Tom Fena

Profile
- Positions: Guard, tackle

Personal information
- Born: December 27, 1909 Cleveland
- Died: September 7, 1985 (aged 75) Burlingame, California
- Listed height: 5 ft 11 in (1.80 m)
- Listed weight: 200 lb (91 kg)

Career information
- High school: Burlingame (CA)
- College: Denver

Career history
- Detroit Lions (1937);

Career statistics
- Games: 2
- Stats at Pro Football Reference

= Tom Fena =

American football player (1909–1985)

Thomas Mitchell Fena (December 27, 1909 – September 7, 1985) was an American football player.

Fena was born in Cleveland in 1909. He attended Burlingame High School in Burlingame, California. He was the star fullback on Burlingame's football team.

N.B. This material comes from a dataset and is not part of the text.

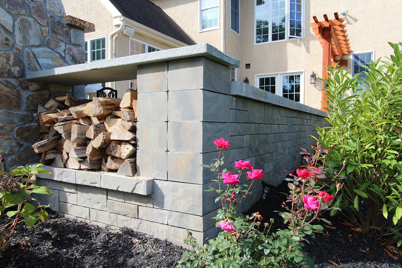 After- Techo-Bloc Retaining walls and seating located near outdoor kitchen and dining, adjacent to the cozy fireplace area.

His older brother Joe Fena went to the University of Denver where he played football. Tom followed his brother to Denver and played at the tackle position. He won a reputation as a sensational kicker and one of the hardest hitting tackles in the Rocky Mountain Conference. He was selected as a first-team tackle on the All-Rocky Mountain Conference football team. He also received honorable mention from the United Press on the 1934 All-America college football team.

He also played professional football in the National Football League (NFL) as a guard for the Detroit Lions. He appeared in two NFL games, during the 1937 season.

Fena died in 1985 in Burlingame, California.